Mathematically is it possible to create a function that represents a shape. Such as a cube or sphere?

Question

Like utilizing vectors, calculus, differential equations? Is it possible, i am specifically looking at cube or sphere as i know a cone can be easily created by rotating a simple function around the y axis by 2(pi) creating a cone but how would one create a function for a sphere or cube?

Answer 1

A sphere can be defined parametrically as follows:

$$(r \cos θ_1 \cosθ_2, r\cos θ_1 \sinθ_2,r\sin θ_1)$$ for $ 0 ≤ θ_1, θ_2 < 2 π $ where $r$ is the radius of the sphere.
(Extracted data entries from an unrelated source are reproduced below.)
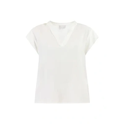 Lightweight top Made from solid viscose V-neck Short sleeves Rounded hem
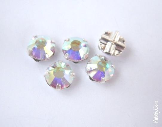 NEW! 15грн(5шт) Стрази пришивні 12гранні Preciosa ss16 Crystal AB в цапах. Гальваніка-срібло VIVA16
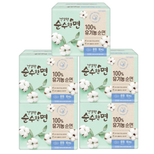 • 깨끗한나라 건강한 순수한면 유기농 순면 중형(16P) 5팩
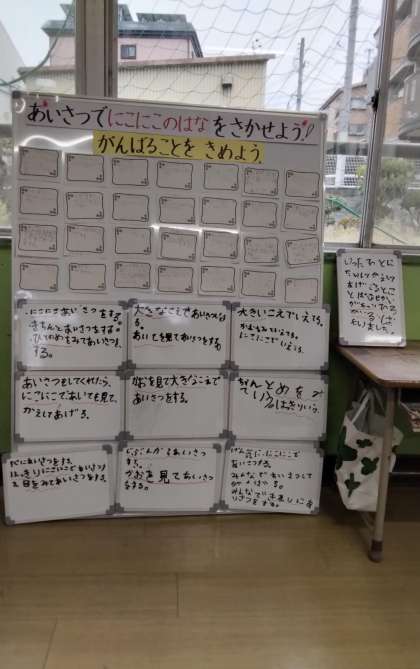 1年生が、にこにこのはなをさかせようと「あいさつ」を頑張っています。
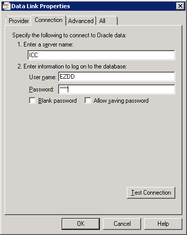 Next will appear the Connection tab. The name of the Oracle instance should be entered for the location of the EZDD Database (ICC in this example), and then the user code and password to be used when EZDD_Admin is run.
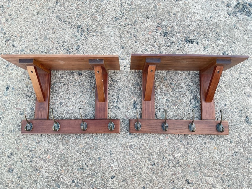 A pair of mahogany hall shelves with rectangular hat platforms on angled supports above rows of pegs. (18in) (2)
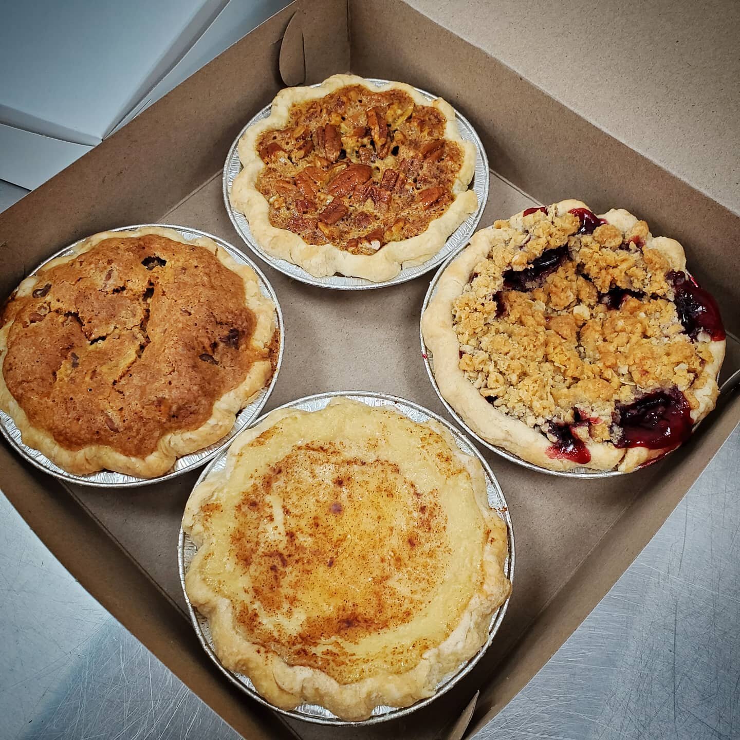 So far she says both arrangements seem to be working out. Customers are buying pies for a variety of occasions and keeping her busy with requests for treats for grandparents, birthday celebrations, and even office parties via Zoom. Harrison serves full-sized pies, as well as mini ones, all packed with sweet or savory flavors.
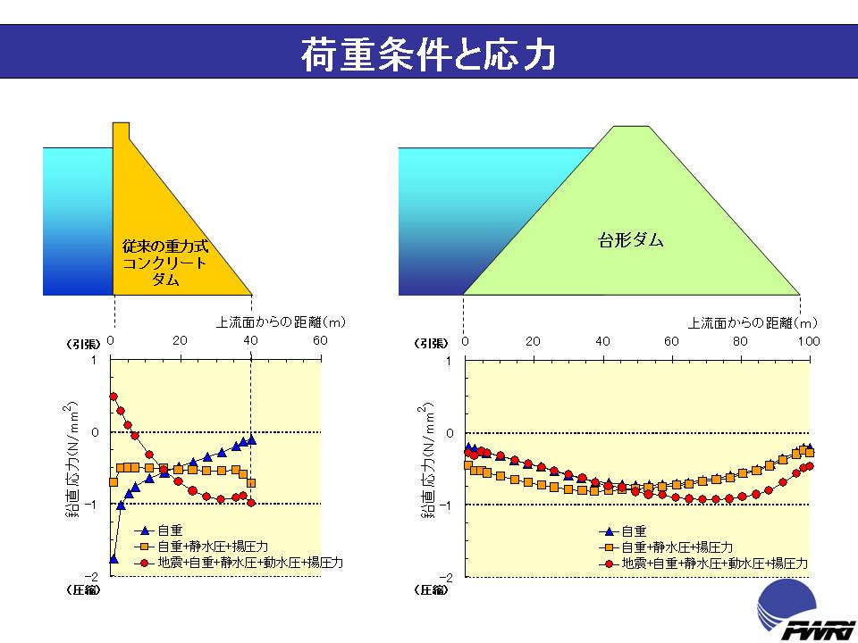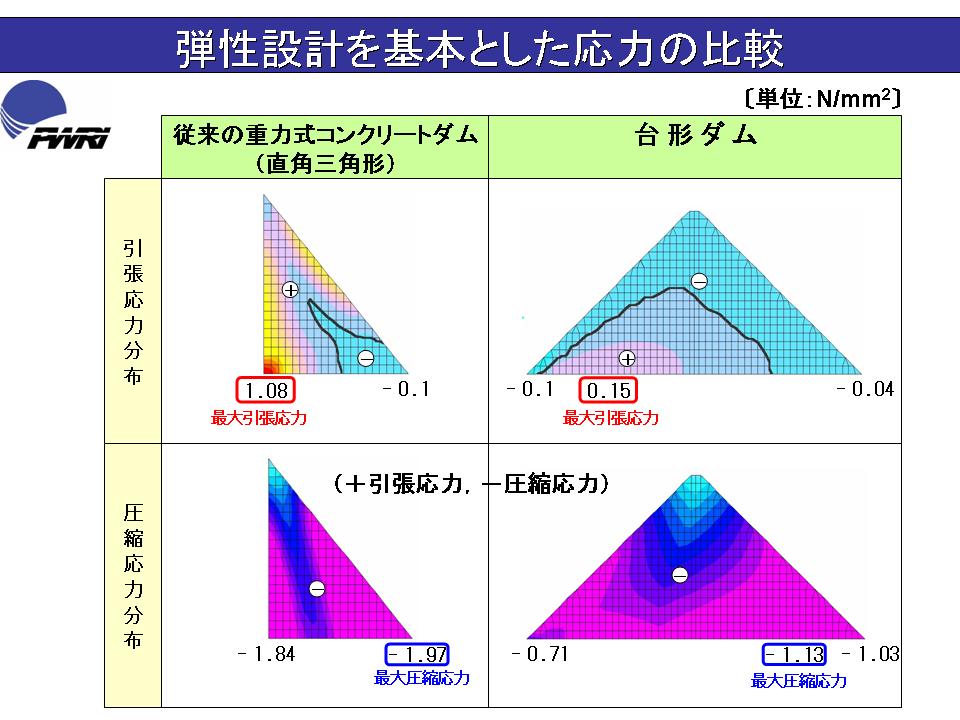実際に、設計応力の計算をしても、重力式のコンクリートダムですと、図-59にあるようにこの一番上流面に非常に大きな引張応力が発生しますけれども、台形ダムだとそれが起こらないというところがメリットとして挙げられます。

Alternatively, as mentioned by Zestylemonzi, you could rotate the function $ y = \sqrt{r^2 - x^2}$ across the x-axis, again where $r$ is the radius of the sphere.

A cube is a little more tricky as it cannot be described by a single function (to my knowledge). However, the three-dimensional region where $0 ≤ x, y, z ≤ s$, where $s$ is the side length of the cube seems to fit the conditions of the problem.

Answer 2

You want to generate a surface area.

Like the cone choose a circle centered on y axis and rotate it around y axis to form a sphere.

To form one of 6 faces of a cube length $2$ define that by varying $x,y,z$ as

$$ x=1 \, , (-1<y< 1),\, (-1<z< 1)\,. $$

In Mathematica

ParametricPlot3D[ {1, y, z}, {y, -1, 1}, {z, -1, 1}]